ABBA-Adapters: Efficient and Expressive Fine-Tuning of Foundation Models¶
Conference: ICLR 2026
arXiv: 2505.14238
Code: https://github.com/CERT-Lab/abba
Area: Model Compression / PEFT
Keywords: Parameter-efficient fine-tuning, LoRA, Hadamard product, low-rank adaptation, Khatri-Rao decomposition
TL;DR¶
Ours proposes ABBA-Adapters, which parameterize weight updates as the Hadamard product of two independent learnable low-rank matrices \(\Delta W = s(B_1A_1) \odot (B_2A_2)\).
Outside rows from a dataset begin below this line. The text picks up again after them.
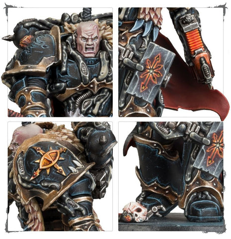 The Chaos Lord is multipart plastic kit. Previously only available in Warhammer Quest: Blackstone Fortress, the Chaos Lord is a single-posed, push-fit miniature. He is a potent HQ choice in a Chaos Space Marines army and makes for an excellent Warlord option to lead your forces. The Chaos Lord is equipped for close-ranged combat, with a powerful combination of plasma pistol and thunder hammer making him a great front-line fighter.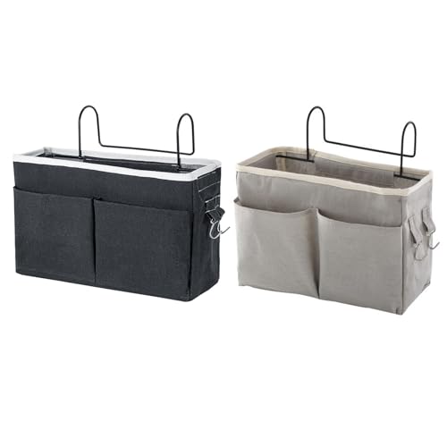 2Pcs Tasche da Letto Appendibile, Borsa da Comodino, Portaoggetti da Appendere al Comodino, Portaoggetti Appendere In Tessuto Borsa per Camera da Letto Bagno Cucina Libro Cosmetico (Nero+Grigio)
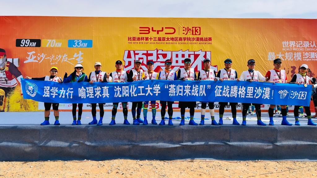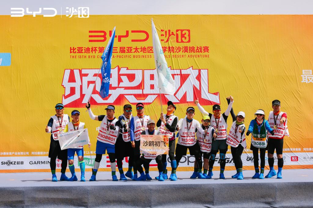 5月2日至4日,比亚迪杯第十三届亚太地区商学院沙漠挑战赛(简称“亚沙赛”)在内蒙古阿拉善腾格里沙漠隆重举行,来自全国的106所院校派员4000余人参赛。由beat3651977级校友、上海燕归来健康科技有限公司董事长孙江燕赞助支持的beat365在线唯一官网“燕归来”战队(B队12名队员、C队1名队员)首次代表学校参加亚沙赛,B队三天70公里全员完赛,斩获了本届赛事唯一的团体“沙鸥初飞奖”,成为亚沙赛承办以来第四个荣获“沙鸥初飞奖”的团队!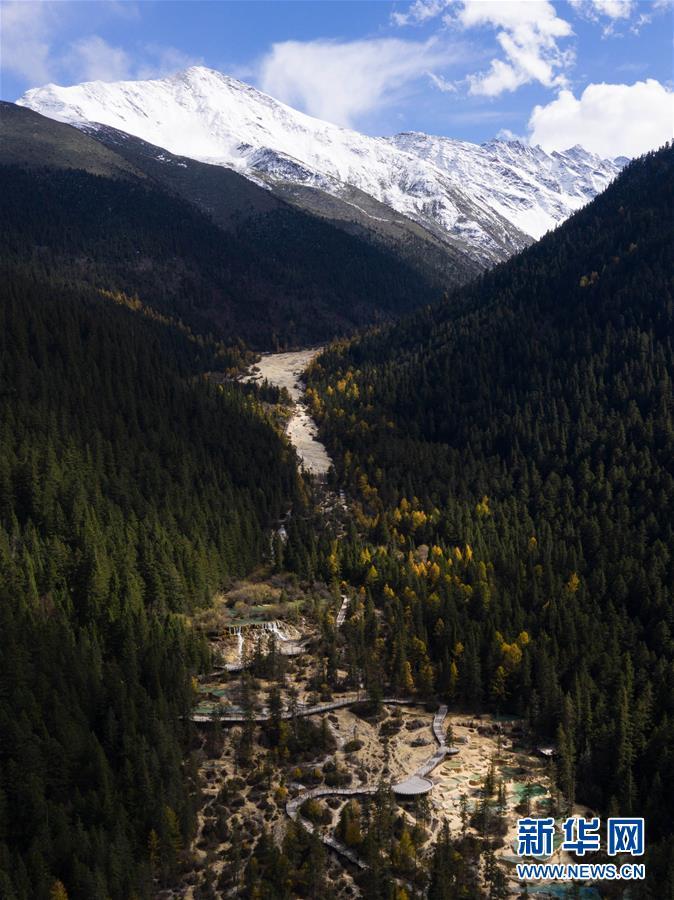 黃龍溝在藍天白云、雪山和彩林的映襯下風(fēng)景如畫(10月19日無人機攝)。深秋時節(jié),在雪山、藍天、白云和彩林映襯下,黃龍溝中的彩池色彩更加斑斕,目前黃龍景區(qū)進入觀賞最佳時節(jié)。黃龍風(fēng)景名勝區(qū)位于四川省松潘縣境內(nèi),以彩池、灘流、雪山、峽谷、森林等聞名,享有“人間瑤池”“圣地仙境”之美譽。新華社記者 江宏景攝
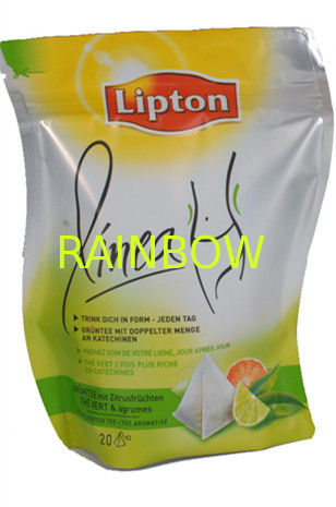 Graceful Curved Lipton PET / VMPET / PE Tea Packaging Bags Stand Up
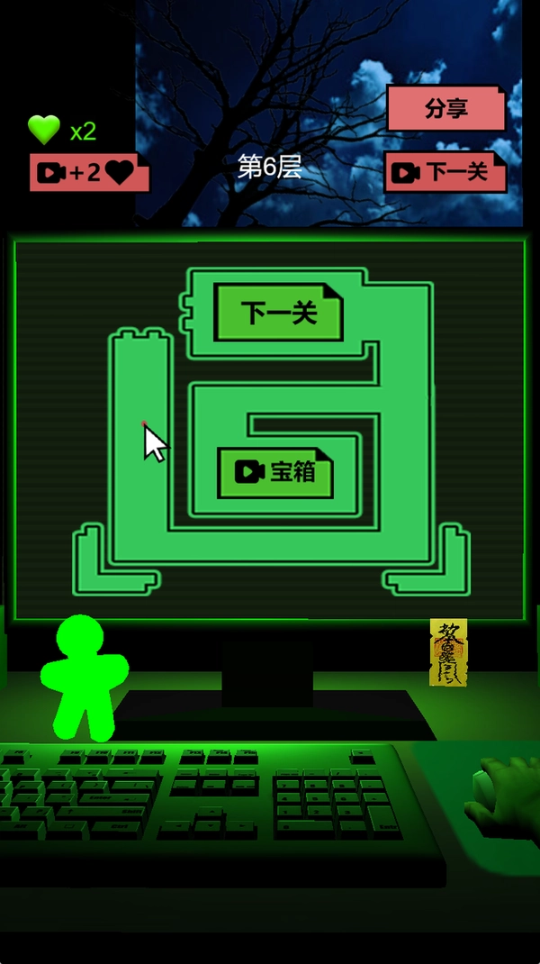《恐怖电脑》是一款解谜逃脱类游戏,它构建了一个阴森恐怖的迷宫世界。在这个世界里,玩家要四处搜集各类线索道具,过程中难免不断试错。在迷宫探索时,不仅要躲避追击,还会频繁遭遇诡异故事,有着极强的代入感。若想成功逃出,就必须解开重重谜题。

This achieves an effective rank significantly higher than LoRA (\(r_1 \cdot r_2\) vs. \(r\)) under the same parameter budget. Through Khatri-Rao reconstruction, it maintains memory efficiency comparable to LoRA and significantly outperforms existing PEFT methods on arithmetic and commonsense reasoning tasks.
Background & Motivation¶
Background: LoRA is the most popular PEFT method, restricting updates to a rank-\(r\) subspace via \(\Delta W = BA\) where \(B \in \mathbb{R}^{m \times r}, A \in \mathbb{R}^{r \times n}\).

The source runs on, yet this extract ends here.